Eric Nathan: Making It as Clear as Possible

While Eric Nathan doesn’t have a secret strategy for garnering so many compositional accolades (top awards from ASCAP, BMI, and SCI, the Rome Prize and a recent commission premiered at the ISCM World New Music Days), he is extremely pragmatic. But there’s also something of an element of whimsy as well as a deep love for visual art that fuels his creative process.

Written By

Frank J. Oteri

Frank J. Oteri is an ASCAP-award winning composer and music journalist. Among his compositions are Already Yesterday or Still Tomorrow for orchestra, the "performance oratorio" MACHUNAS, the 1/4-tone sax quartet Fair and Balanced?, and the 1/6-tone rock band suite Imagined Overtures. His compositions are represented by Black Tea Music. Oteri is the Vice President of the International Society for Contemporary Music (ISCM) and is Composer Advocate at New Music USA where he has been the Editor of its web magazine, NewMusicBox.org, since its founding in 1999.

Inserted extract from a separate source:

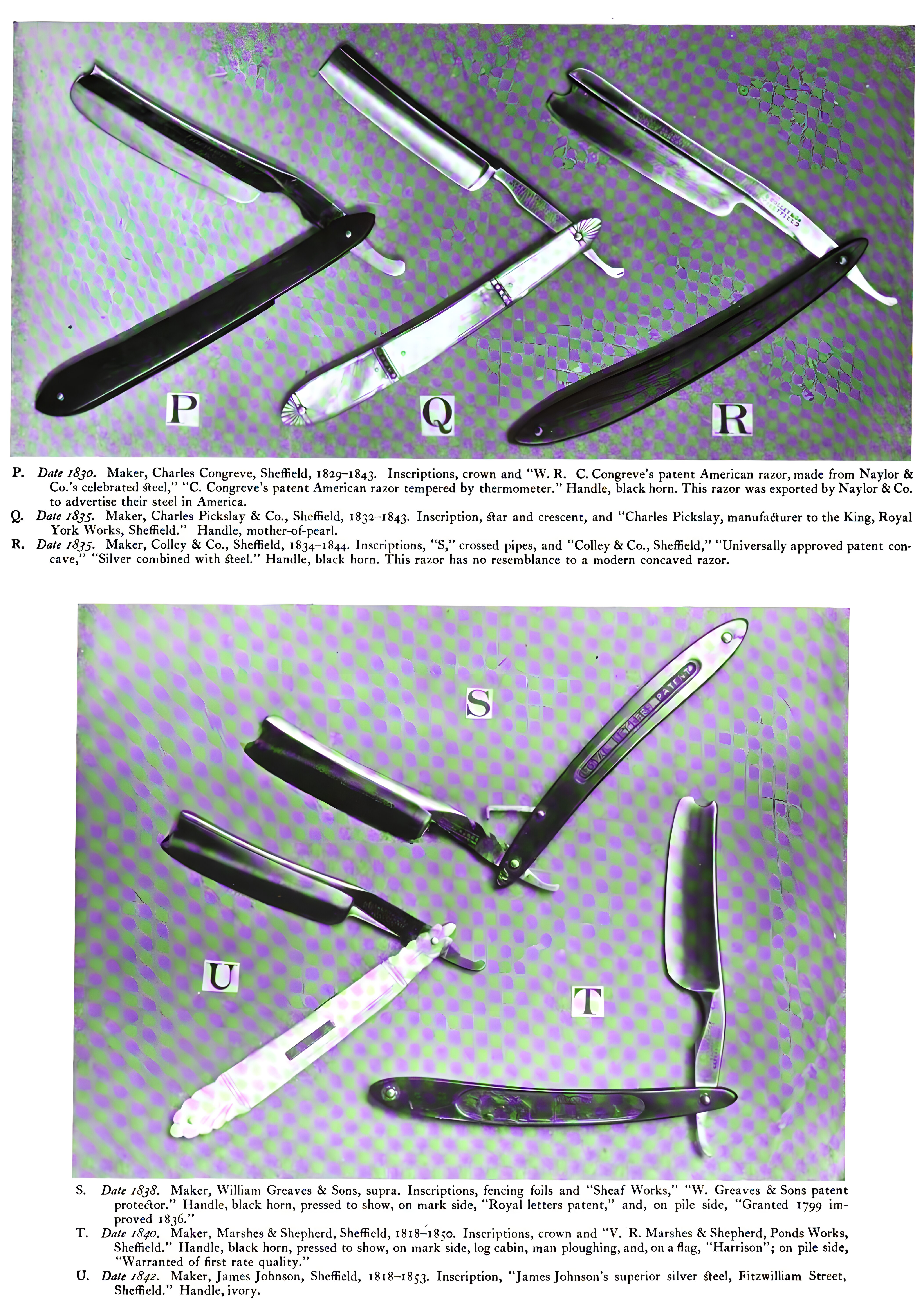 - P. Дата 1830 г. Производитель,Charles Congreve, Шеффилд, 1829–1843 гг. Надписи: корона и «W. R. Патентованная американская бритва C. Congreve, сделанная из знаменитой стали Naylor & Co.», « Патентованная американская бритва C. Congreve, закаленная c применением термометра». Ручка: черный рог. Эта бритва была экспортирована компанией Naylor & Co. для рекламы своей стали в Америке.

“I just try to write the music that I want to write, and I’m glad the people seem to like it,” modestly claims Eric Nathan. It is a remarkable understatement. In a relatively short amount of time, the composer (who just turned 30 this past December) has already garnered the ASCAP Foundation Rudolf Nissim Prize (2011), the BMI William Schuman Prize (2008), the first prize in SCI’s National Student Commission Competition (2008), Aspen Music Festival’s Jacob Druckman Prize (2010), and a Charles Ives Scholarship from the American Academy of Arts and Letters (also in 2010). He has additionally been the recipient of a Leonard Bernstein Fellowship to the Tanglewood Music Center, was one of five composers selected for the American Composers Orchestra’s 2009 Underwood New Music Readings, and is currently the 2013-14 Frederic A. Juilliard/Walter Damrosch Rome Prize Fellow in composition at the American Academy in Rome. When we met up with him, he was in Bratislava, Slovakia, for a performance of a large chamber ensemble composition at the 2013 ISCM World New Music Days festival, a commissioned work that was the result of his winning the 2012 ISCM/IAMIC Composer Award.

While Nathan doesn’t have a secret strategy for garnering all those accolades, he is extremely pragmatic. According to him, “[What is] important is making the score as clear as possible. If there’s nothing that’s in the score that could be dismissed, you get more of a chance to be looked at on the music.” But Nathan’s music is not just a by-product of honing his compositional skills and being extremely accurate about what he wants to convey on the page. There’s also something of an element of whimsy that fuels his creative process:

Whenever I start a new piece, I open an iPhoto album and put images there. It could be of the place that I’m inspired by, like the piece I wrote for the [ISCM] festival, Paestum, which is a place in Southern Italy that is a site of Greek ruins. But also, for ensembles, I put pictures of conductors that I’m inspired by or orchestras and when I look at the pictures I hear sound in my head.

Because ocular cues have been such an important muse for him, it is no surprise that Nathan is a deep admirer of visual artwork. Details he has observed in his encounters with specific paintings and sculptures have directly helped shape pieces of his music, but in a way that’s more personal than technical. The impetus for the form, as well as some of the melodic shapes and timbres Nathan used in his sextet Onement (2007), came from the “fiery zip down the middle” of Barnett Newman’s seminal 1948 abstract expressionist painting Onement I. Icarus Dreamt, his attention-grabbing 2008 orchestral work, had a couple of equally important stimuli: the “broad lyrical gestures” of Henri Matisse’s paper cut-out “The Flight of Icarus” from his famous book, Jazz combined with the “fluttering and clattering of the gears” of contemporary American sculptor Arthur Ganson’s kinetic contraption Machine with 23 Scraps of Paper. The textures of Julie Mehretu’s 2009 ink and acrylic drawing Berliner Plätze are the source of the pitches that emerge out of trills in his 2010 brass quintet Spires.

In all of these works, Nathan’s deep affection for shapes and colors also has a direct correlation with his music’s meticulous attentiveness to orchestration. But his precision in crafting specific instrumental combinations has not prevented him from being open to multiple ways of exploring the same musical material. Last year, Nathan reworked Spires for wind quintet, and he believes that both versions are equally definitive.

Nathan’s combination of practicality with an openness and curiosity toward new experiences is ultimately why he has been so successful thus far. He sees himself not as a maverick composer but as the inheritor of a great tradition to which he hopes to add his own contributions:

I think of my music as a river. Everything that I hear is just adding to the river and makes it broader. I may choose to sail down one part of the river, but it’s not my goal to make a new river.